Archive

Archive for September, 2008

Erlang基本原理

September 30th, 2008 :: jackyz

大名鼎鼎的 Robert Virding 最近发布了一篇名为《The Erlang Rationale》(中文名《Erlang 基本原理》)的文档(进行中)。正如其名,这篇文档着力去描述一些 Erlang (长期缺乏文档的)重要的特征,及其背后的基本原理。需要说明的是,这并不是另外一篇关于 OTP 的文章,而是更多的关注于 Erlang 本身的语言和系统,也就是说——非常基本,而且非常重要。

One major point I hope to show here is that most of the features of Erlang, both the language and the system, are not isolated properties or were developed in isolation. They were designed to all interact with each other. For example: processes, process communication, distribution and error handling are all based on common principles which allow them to interact more or less seamlessly with each other; pattern matching, which is ubiquitous, is always the same irrespective of where it is used and is the only way to bind variables.

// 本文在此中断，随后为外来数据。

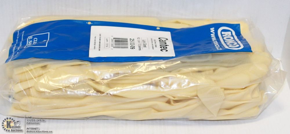 12 PAIRS OF RONCO CANTEC SIZE LARGE LATEX GLOVES
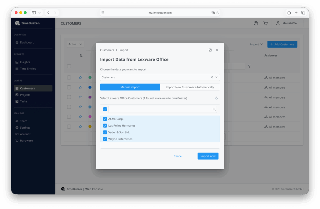 You can import Lexware Office customers into any timeBuzzer level.
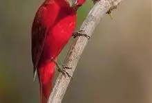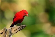 血雀雀科朱雀属鸟类,体重36-49克;体长155-182毫米。雄鸟除眼先、翼与尾为黑色外,通体为鲜红色;嘴鲜黄;雌鸟暗橄榄绿色,羽端较淡或带黄色;腰鲜黄;嘴较暗。虹膜褐色;嘴黄色;腿和脚褐色。…全部>>
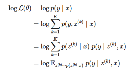 我们的目标是最大化正确答案的边际似然 p (y∣x),给定每个问题的多个推理轨迹 {z (k)} k=1K。
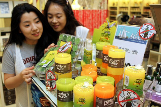 뉴코아아울렛은 8일 서울 반포동 강남점에서 천연허브로 만든 모기 쫓는 양초와 스프레이를 선보였다. 이들 제품의 주재료로 쓰인 시트로넬라향은 벌레와 모기의 접근을 차단해 주고 신경을 안정시켜 주는 효과가 있어 웰빙 방충제로 인기를 모으고 있다.
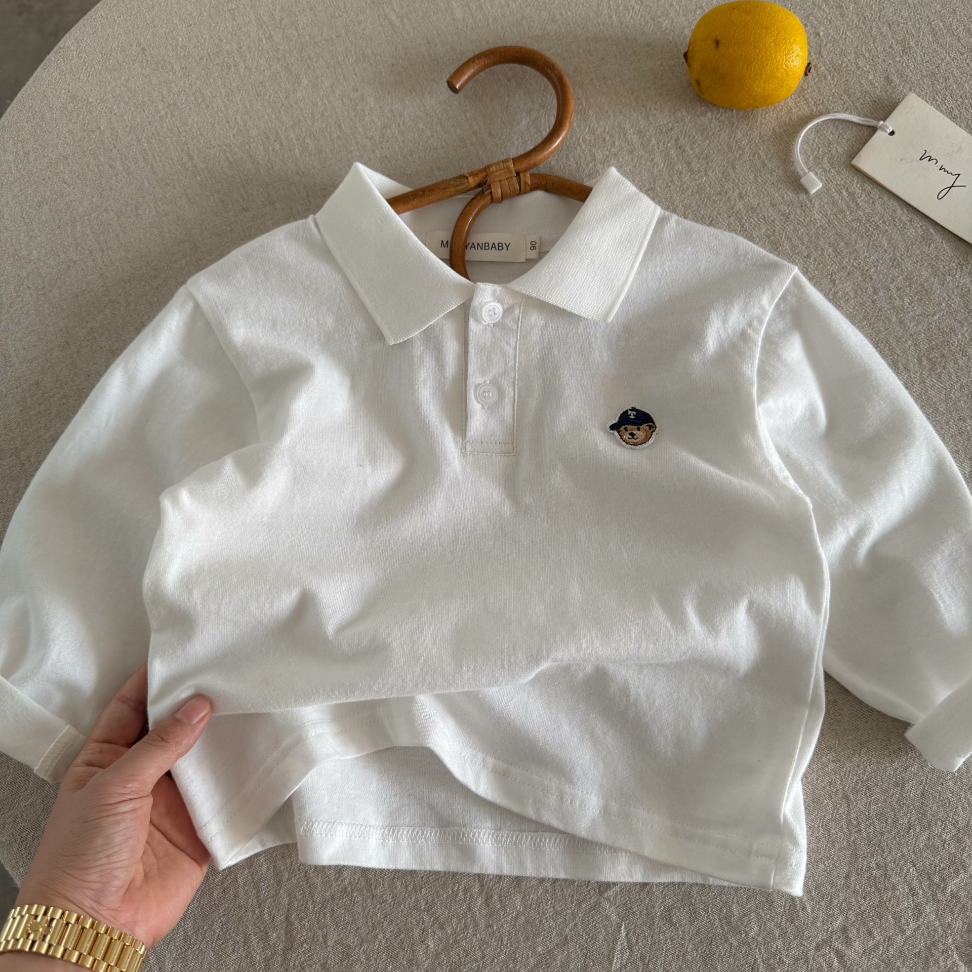 儿童Polo衫男2025秋季新款中小童条纹上衣潮宝宝小熊打底衫女洋气
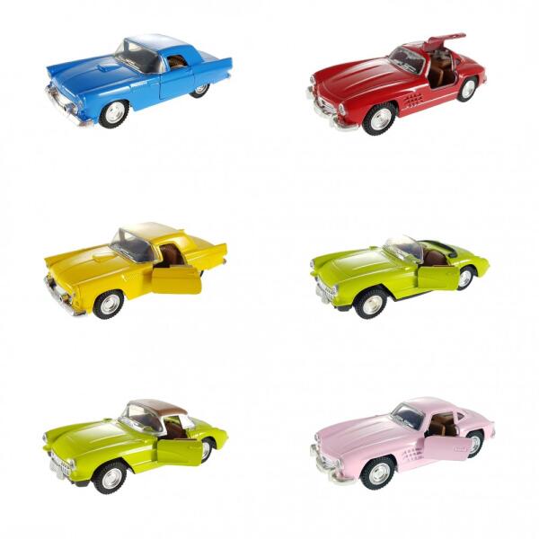 Old timer autó, 3 éves kor felett. Bővítsd autóparkodat ezekkel a klassz old timer autókkal. Élénk színeivel kitűnnek a többi járgány közül, ajtaja mindnek nyitható. A karosszéria fémből készült. Mérete: 12 cm Anyaga: fém, műanyag
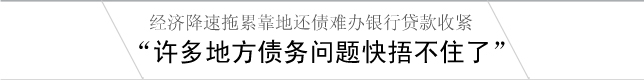 | 《經(jīng)濟參考報》記者在多省采訪發(fā)現(xiàn),部分地區(qū)在經(jīng)濟下行的壓力下收入增速不斷下降、發(fā)展方式轉(zhuǎn)變緩慢,債務(wù)問題因此凸顯。與此同時,伴隨土地及房地產(chǎn)市場的陡然降溫,過去借債發(fā)展、靠地還債的粗放發(fā)展模式難以為繼,一些地方的債務(wù)風險迅速積聚。隨著債務(wù)進入集中還款期,部分地區(qū)對土地更為依賴,逆市場形勢加速賣地步伐;銀行等金融部門因擔憂地方債風險,對政府貸款往往“明松暗緊”,致使不少地方“腹背受敵”。 | |

这样的文档极有价值,翻译它的价值也同样重大。同学们,动手翻吧!
本地下载[The Erlang Rationale]

news

关于SMP Erlang的一些事实

September 17th, 2008 :: jackyz

ICFP2008 召开在即,好东西纷纷出笼。下面这一篇是 Erlang/OTP Team 的 Kenneth 为 ICFP2008 准备的 SMP Erlang 相关 Topic 的主要内容。透过这样一篇文档,我们能够了解到 SMP Erlang 的一些内情、策略以及展望,其中对于 SMP Erlang 的不足以及潜在的性能陷阱,也提供了相当富有价值的绕路指引。

Here are some short facts about how the Erlang SMP implementation works and how it relates to performance and scalability.

There will be a more detailed description of how multi-core works and on the future plans available in a couple of weeks. I plan to include some of this in my presentation at the ICFP2008, Erlang Workshop in Victoria BC, September 27

The Erlang VM without SMP support has 1 scheduler which runs in the main process thread. The scheduler picks runnable Erlang processes and IO-jobs from the run-queue and there is no need to lock data structures since
there is only one thread accessing them.

The Erlang VM with SMP support can have 1 to many schedulers which are run in 1 thread each. The schedulers pick runnable Erlang processes and IO-jobs from one common run-queue. In the SMP VM all shared data structures are protected with locks, the run-queue is one example of a data structure protected with locks.

From OTP R12B the SMP version of the VM is automatically started as default if the OS reports more than 1 CPU (or Core) and with the same number of schedulers as CPU’s or Cores.

You can see what was chosen at the first line of printout from the “erl” command. E.g.

Erlang (BEAM) emulator version 5.6.4 [source] [smp:4] [asynch-threads:0] …..

The “[smp:4]” above tells that the SMP VM is run and with 4 schedulers.

The default behaviour can be overridden with the “-smp [enable|disable|auto]” auto is default and to set the number of schedulers, if smp is set to enable or auto “+S Number” where Number is the number of schedulers (1..1024)

Note ! that it is normally nothing to gain from running with more schedulers than the number of CPU’s or Cores.

Note2 ! On some operating systems the number of CPU’s or Cores to be used by a process can be restricted with commands. For example on Linux the command “taskset” can be used for this. The Erlang VM will currently only detect number of available CPU’s or Cores and will not take the mask set by “taskset” into account. Because of this it can happen and has happened that e.g. only 2 Cores are used even if the Erlang VM runs with 4 schedulers. It is the OS that limits this because it take the mask from “taskset” into account.

The schedulers in the Erlang VM are run on one OS-thread each and it is the OS that decides if the threads are
executed on different Cores. Normally the OS will do this just fine and will also keep the thread on the same Core throughout the execution.

The Erlang processes will be run by different schedulers because they are picked from a common run-queue by
the first scheduler that becomes available.

Performance and scalability
————————————

- The SMP VM with only one scheduler is slightly slower than the non SMP VM. The SMP VM need to to use all the locks inside but as long as there are no lock-conflicts the overhead caused by locking is not significant (it is the lock conflicts that takes time). This explains why it in some cases can be more efficient to run several SMP VM’s
with one scheduler each instead on one SMP VM with several schedulers. Of course the running of several VM’s require that the application can run in many parallel tasks which has no or very little communication with each other.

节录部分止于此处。